I've found the comment by McDowell to be true - which MANIFEST.MF file gets picked up depends on the classpath and might not be the one wanted. I use this
String cp = PCAS.class.getResource(PCAS.class.getSimpleName() + ".class").toString();
cp = cp.substring(0, cp.indexOf(PCAS.class.getPackage().getName()))
+ "META-INF/MANIFEST.MF";
Manifest mf = new Manifest((new URL(cp)).openStream());
which I adapted from link text
Just don't use the manifest. Create a foo.properties.original file, with a content such as version=@VERSION@
And in ther same task you are jaring you can do a copy to copu foo.properties.original and then
You can use a utility class Manifests from jcabi-manifests that automates finding and parsing of all MANIFEST.MF
files available in classpath. Then, you read any attribute with a one liner:
final String name = Manifests.read("Build-By");
final String date = Manifests.read("Build-Date");
Also, check this out: http://www.yegor256.com/2014/07/03/how-to-read-manifest-mf.html
ClassLoader.getResource(String) will load the first manifest it finds on the classpath, which may be the manifest for some other JAR file.

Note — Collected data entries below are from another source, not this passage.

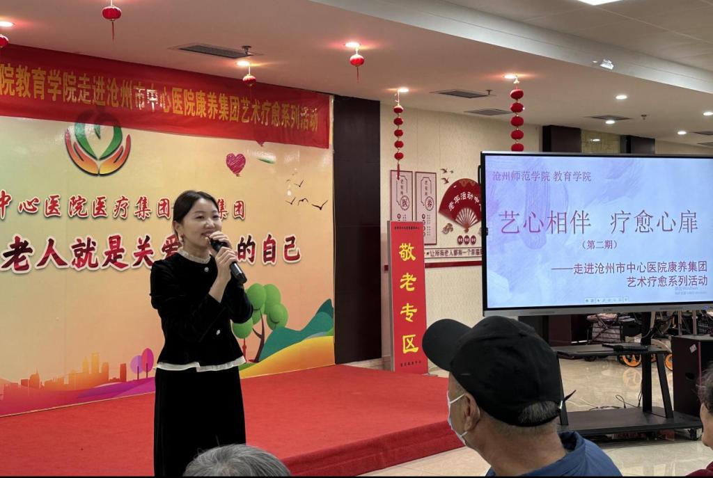 继10月8日雷竞技官网教育学院与中心医院康养集团合作取得良好效果,为回应老年朋友的热情期盼,11月5日下午,教育学院携手沧州市中心医院康养集团,再次举办了一场充满爱意和温暖的艺术疗愈公益活动。本次活动以“艺心相伴,疗愈心扉”为主题,旨在通过音乐的魅力,与老人们共同开展精彩并且充满欢乐的活动,为老人们带来欢乐与健康。教育学院齐琪老师带领11名学生志愿者学生参加了本次活动。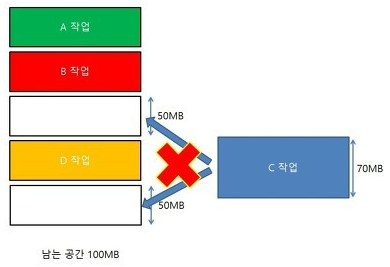 | 최악 적합 (Worst Fit) | 전체를 다 뒤져서 가장 안맞는 곳에 들어가는 것이다 |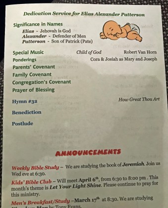A baby dedication service was held during the worship service on Sabbath March 9, 2019 for Elias Alexander Patterson, son of Jamie and Marissa Patterson (and sister to Cora). Pastor Robert Van Horn (and proud grandfather) led the time of dedication which included special music, a covenant of dedication by the parents and confirmation of support by the many family members present and also the church family. Earlier in the service Pastor Robert had read Children Learn What They Live and this sentiment was captured in the covenant by Marissa and Jamie Patterson.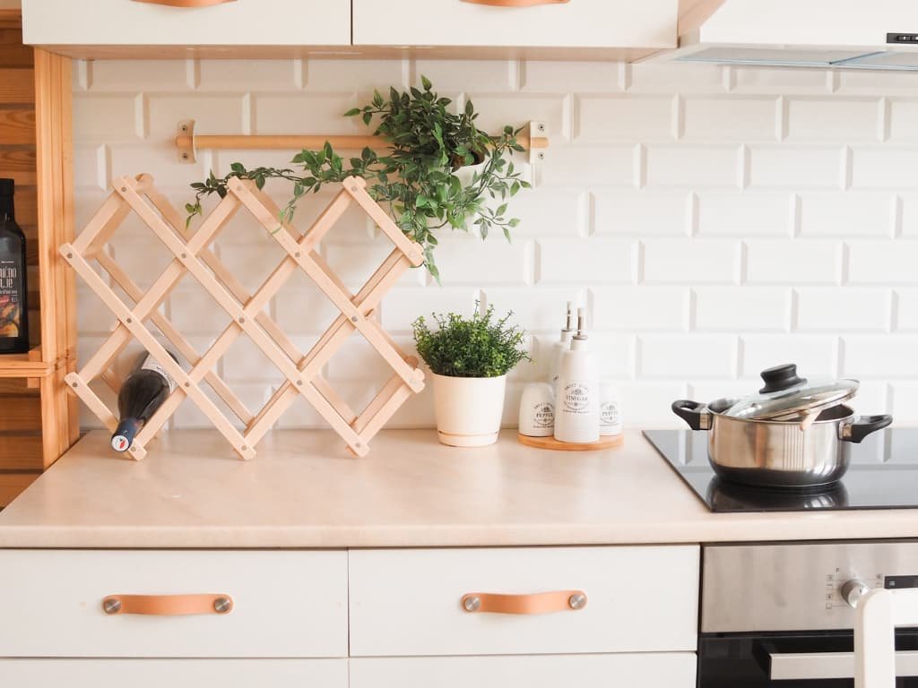 Drveni stalak za nekoliko boca vina, koji se ističe svojim prozračnim dizajnom i dobrom stabilnošću.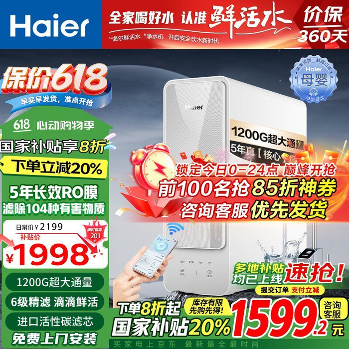 海尔净水器1200G鲜活水PRO京东优惠价1303.32

Thus, you can either enumerate all the manifests to find the one you want or use some other mechanism, such as a properties file with a unique name.
You can get the manifest for an arbitrary class in an arbitrary jar without parsing the class url (which could be brittle). Just locate a resource that you know is in the jar you want, and then cast the connection to JarURLConnection.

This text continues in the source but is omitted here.